Work task.
Before writing out the records, remove the pictures; keep everything else exact.

Provided records.
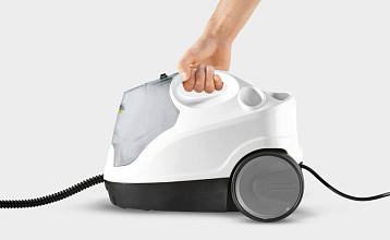 Пароочиститель от Karcher продуман до мелочей. В его конструкции предусмотрены встроенные отсеки для компактного хранения сетевого кабеля и всех аксессуаров. Удобный держатель позволяет надежно «припарковать» насадку для пола вместе со шлангом во время перерыва, поддерживая порядок на рабочем месте.
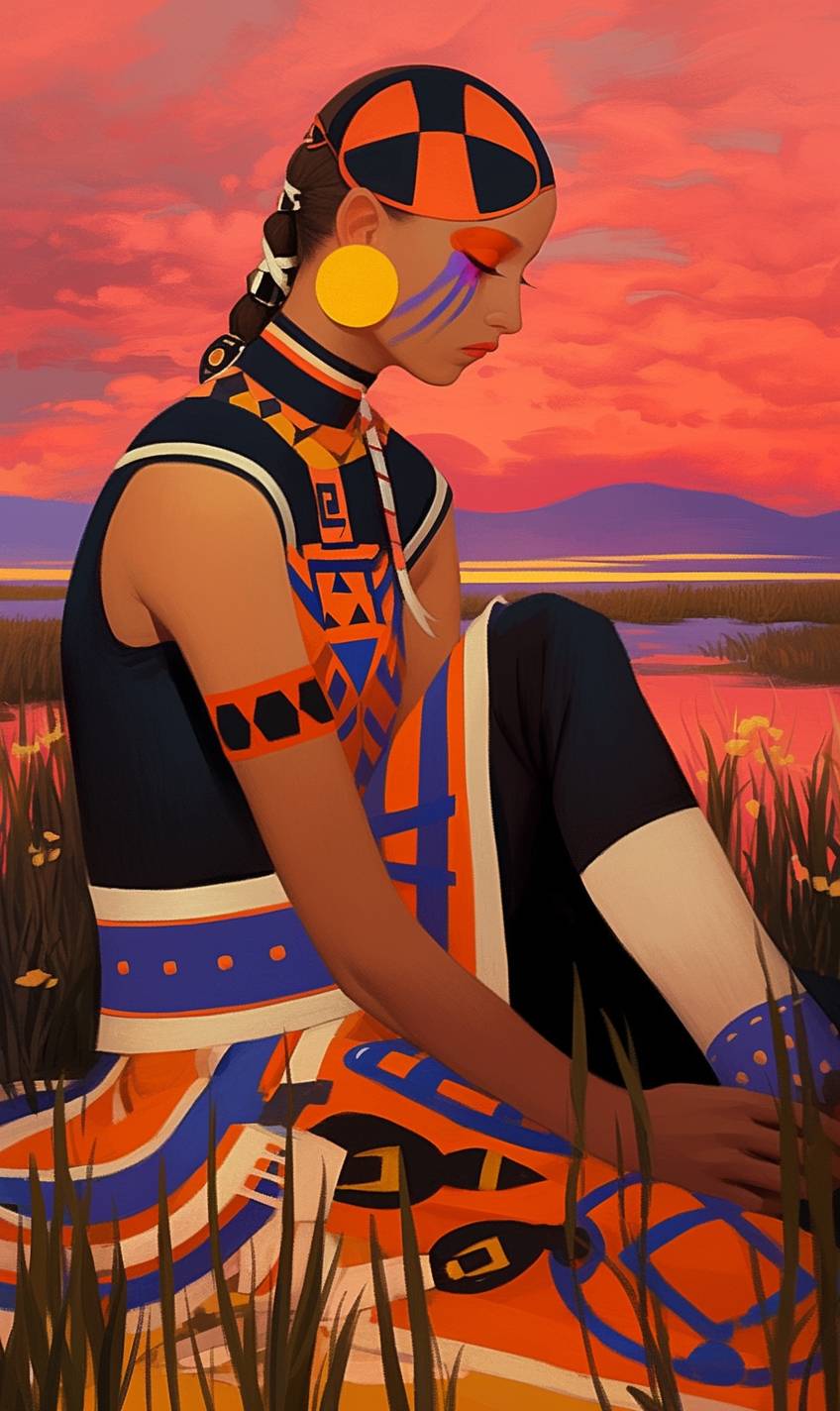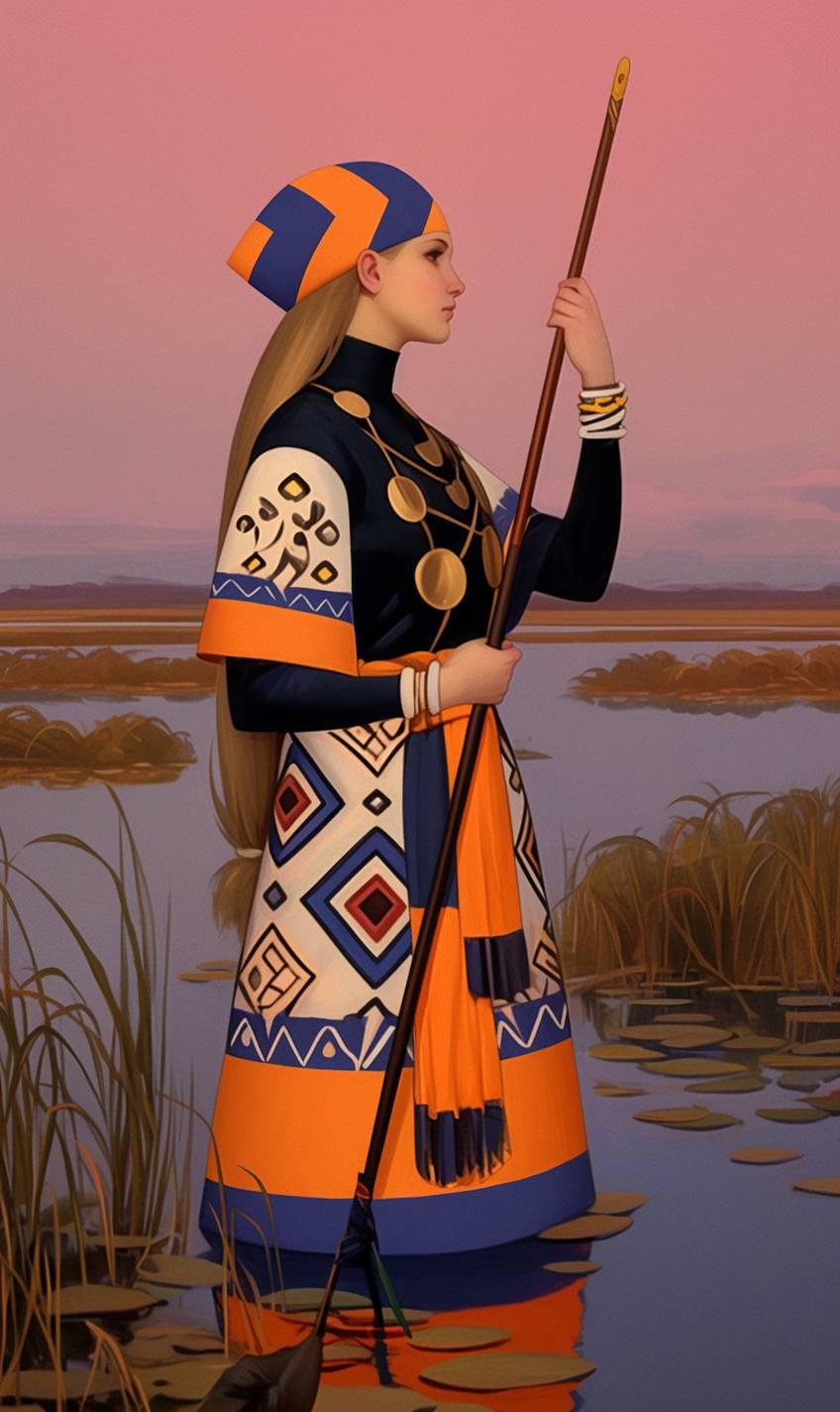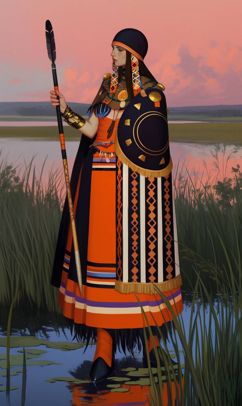 Porträt der Schamanen-Jägerin in den morgendlichen Sümpfen
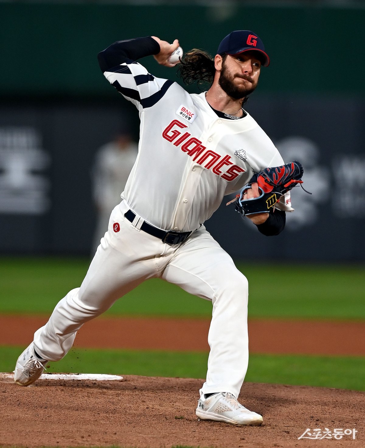 16일 부산 사직야구장에서 ‘2023 신한은행 SOL KBO리그’ 롯데 자이언츠와 SSG 랜더스 경기가 열렸다. 롯데 선발투수 윌커슨이 힘차게 볼을 던지고 있다.
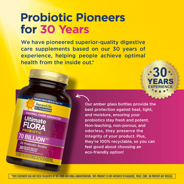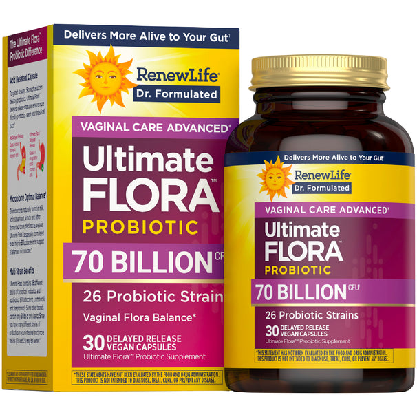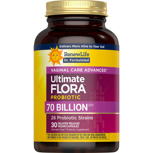 Ultimate Flora™ Vaginal Care Advanced Pre & Probiotic 70 Milliards UFC¹ est un excellent choix pour les femmes qui souhaitent un niveau puissant d'UFC pour offrir un soutien vaginal et digestif.*
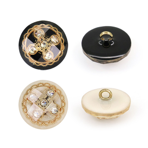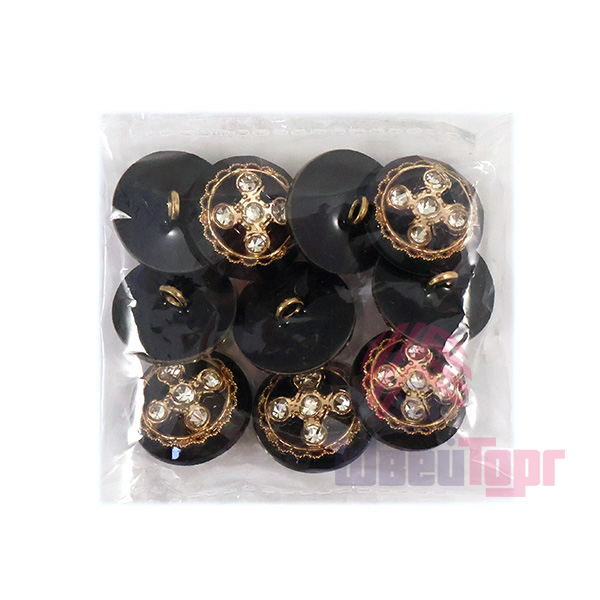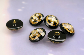 Внутри прозрачной акриловой полусферы с красивыми гранями скрывается настоящее сокровище — композиция из пяти искрящихся страз. Камни заключены в изящное обрамление: тонкое золотое кольцо с филигранным орнаментом, что придает пуговице особую драгоценную эстетику.

Response to this task.
 Пароочиститель от Karcher продуман до мелочей. В его конструкции предусмотрены встроенные отсеки для компактного хранения сетевого кабеля и всех аксессуаров. Удобный держатель позволяет надежно «припарковать» насадку для пола вместе со шлангом во время перерыва, поддерживая порядок на рабочем месте.
 Porträt der Schamanen-Jägerin in den morgendlichen Sümpfen
 16일 부산 사직야구장에서 ‘2023 신한은행 SOL KBO리그’ 롯데 자이언츠와 SSG 랜더스 경기가 열렸다. 롯데 선발투수 윌커슨이 힘차게 볼을 던지고 있다.
 Ultimate Flora™ Vaginal Care Advanced Pre & Probiotic 70 Milliards UFC¹ est un excellent choix pour les femmes qui souhaitent un niveau puissant d'UFC pour offrir un soutien vaginal et digestif.*
 Внутри прозрачной акриловой полусферы с красивыми гранями скрывается настоящее сокровище — композиция из пяти искрящихся страз. Камни заключены в изящное обрамление: тонкое золотое кольцо с филигранным орнаментом, что придает пуговице особую драгоценную эстетику.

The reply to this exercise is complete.